▸ SUPPLIED RECORDS:
──────────
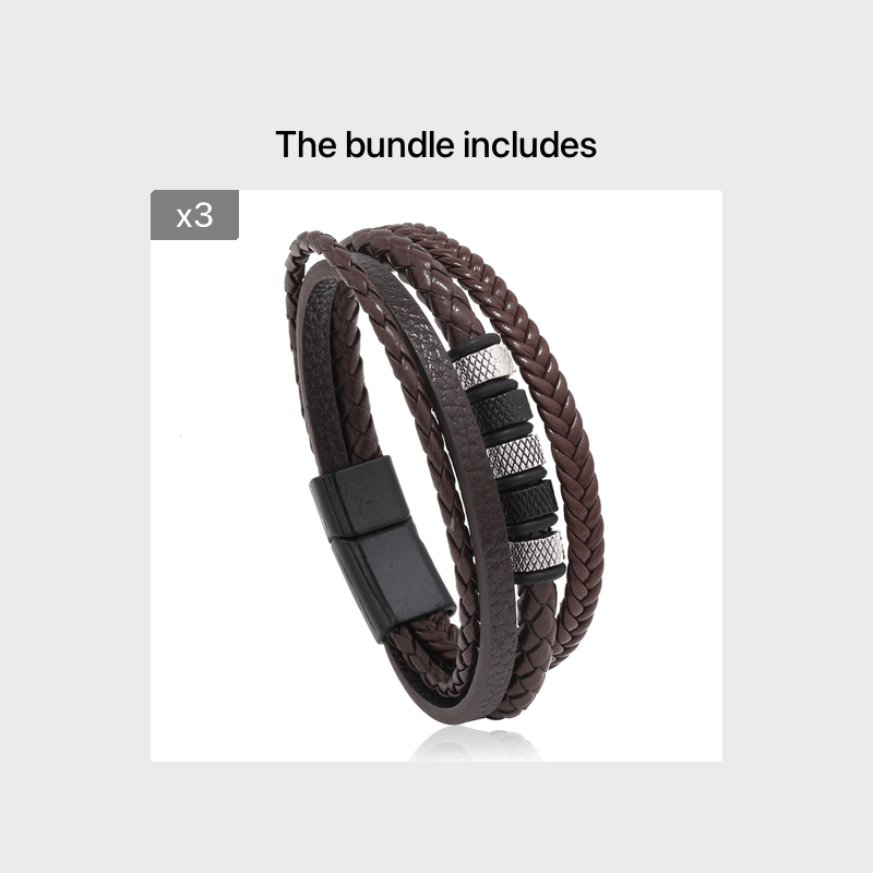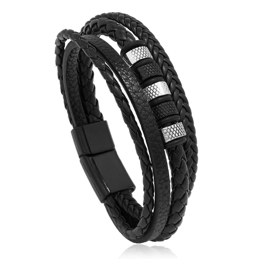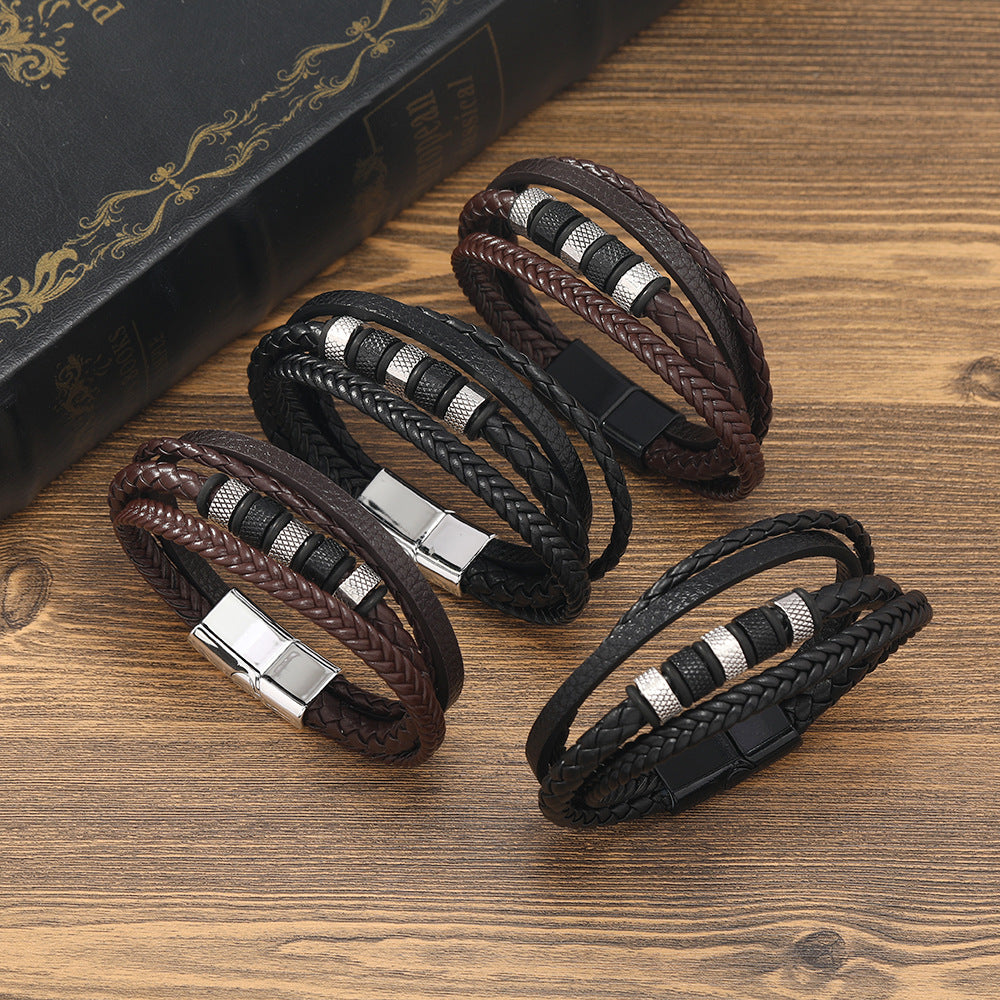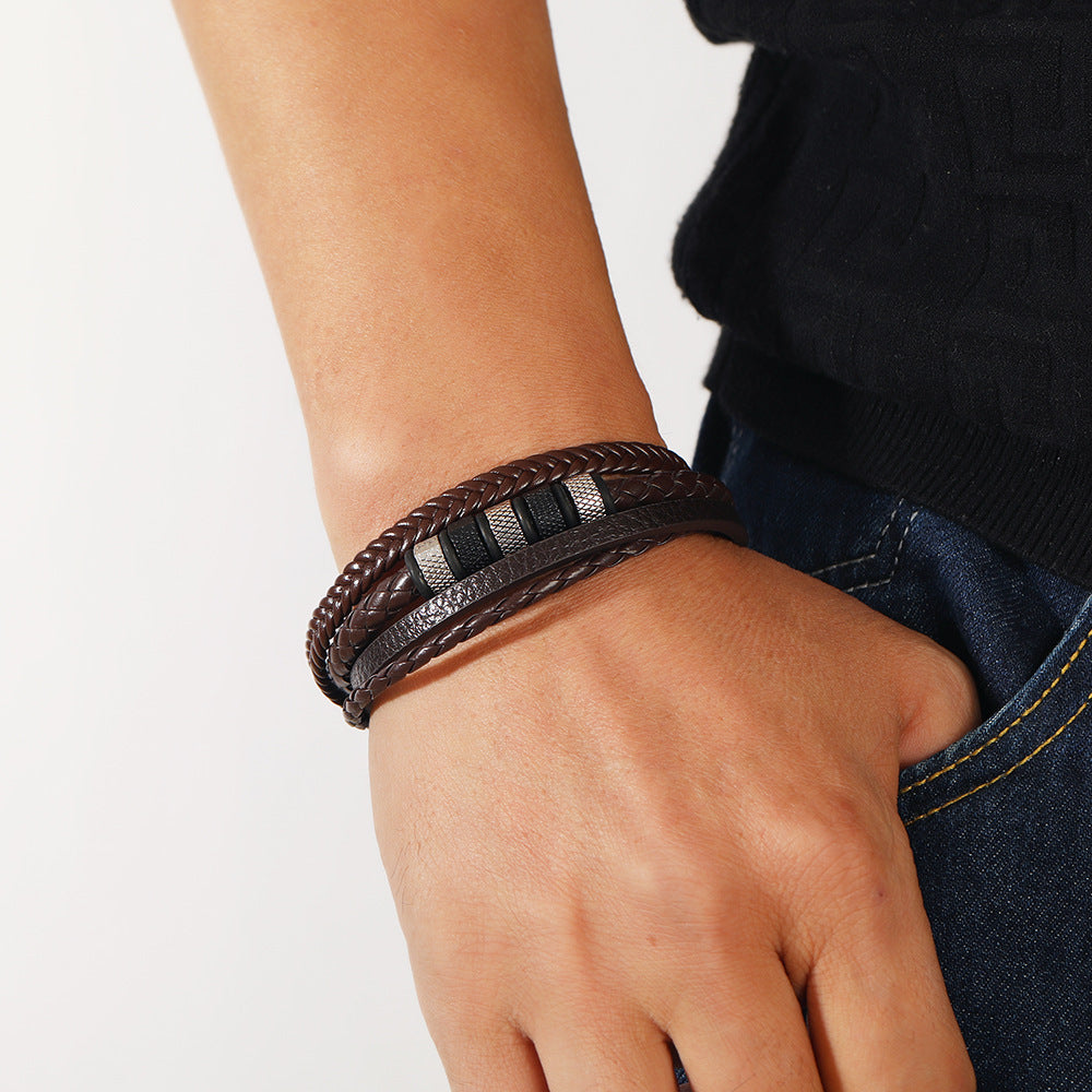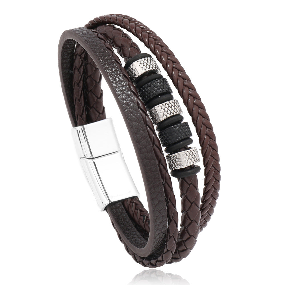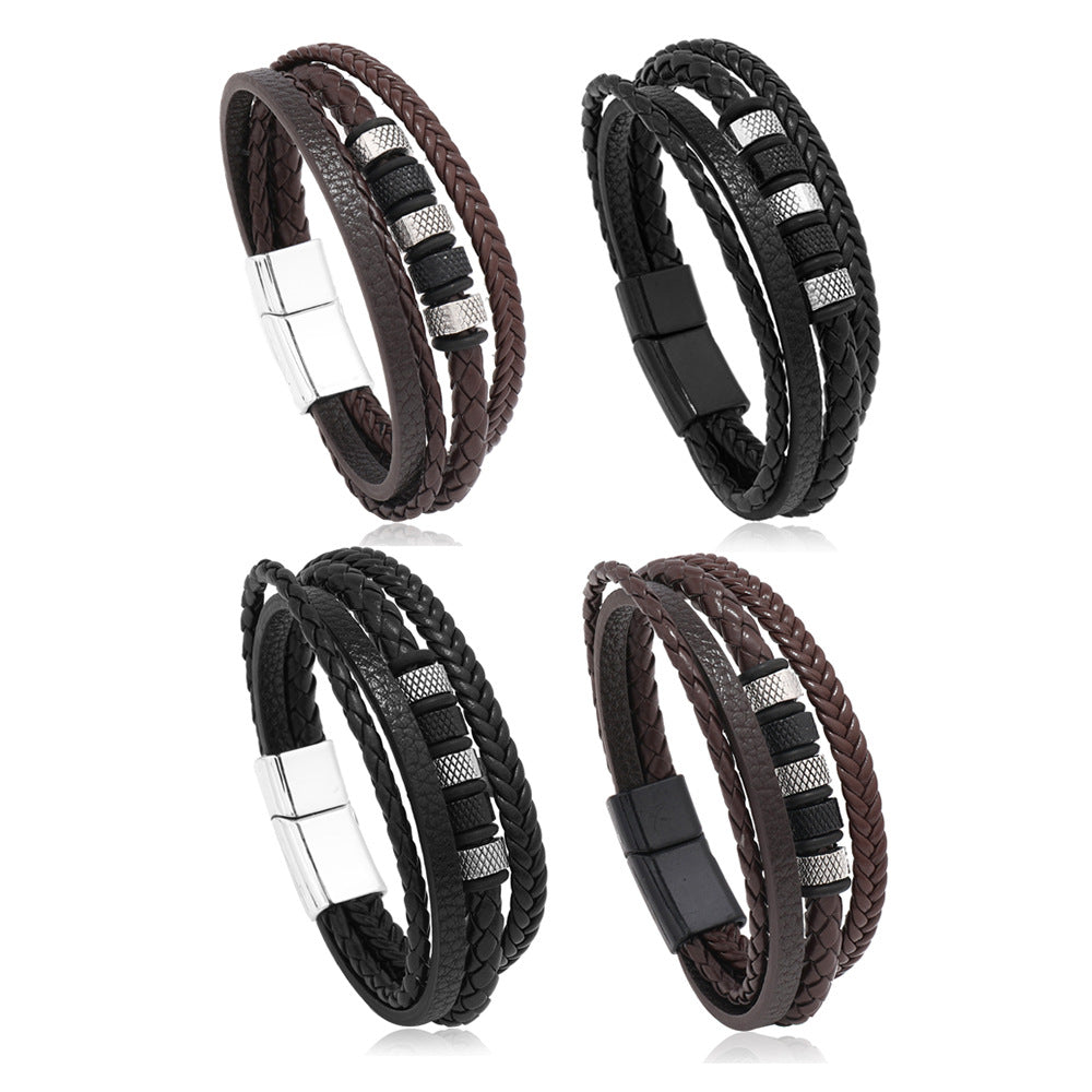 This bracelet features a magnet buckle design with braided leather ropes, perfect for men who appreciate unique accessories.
──────────
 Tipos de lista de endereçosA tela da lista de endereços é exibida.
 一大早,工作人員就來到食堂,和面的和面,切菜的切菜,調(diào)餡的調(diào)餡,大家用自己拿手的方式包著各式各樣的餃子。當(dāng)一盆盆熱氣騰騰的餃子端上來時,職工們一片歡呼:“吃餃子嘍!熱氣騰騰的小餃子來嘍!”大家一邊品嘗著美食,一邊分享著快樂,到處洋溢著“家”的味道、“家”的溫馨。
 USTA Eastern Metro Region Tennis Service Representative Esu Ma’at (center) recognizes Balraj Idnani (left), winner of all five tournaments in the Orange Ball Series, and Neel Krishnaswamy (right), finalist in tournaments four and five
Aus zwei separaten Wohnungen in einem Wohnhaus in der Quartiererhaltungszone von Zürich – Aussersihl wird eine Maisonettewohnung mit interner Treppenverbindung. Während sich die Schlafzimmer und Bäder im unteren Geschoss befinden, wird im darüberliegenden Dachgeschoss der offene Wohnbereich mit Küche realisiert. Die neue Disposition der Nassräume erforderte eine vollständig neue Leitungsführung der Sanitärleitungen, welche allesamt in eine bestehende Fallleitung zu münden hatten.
──────────
▸ HOW TO COMPLETE THIS TASK:
Please, from the material above, copy only the lines from the line with "USTA Eastern Metro" up to and including the line with "Aus zwei separaten", exactly as written.

▸ YOUR RESPONSE:
 USTA Eastern Metro Region Tennis Service Representative Esu Ma’at (center) recognizes Balraj Idnani (left), winner of all five tournaments in the Orange Ball Series, and Neel Krishnaswamy (right), finalist in tournaments four and five
Aus zwei separaten Wohnungen in einem Wohnhaus in der Quartiererhaltungszone von Zürich – Aussersihl wird eine Maisonettewohnung mit interner Treppenverbindung. Während sich die Schlafzimmer und Bäder im unteren Geschoss befinden, wird im darüberliegenden Dachgeschoss der offene Wohnbereich mit Küche realisiert. Die neue Disposition der Nassräume erforderte eine vollständig neue Leitungsführung der Sanitärleitungen, welche allesamt in eine bestehende Fallleitung zu münden hatten.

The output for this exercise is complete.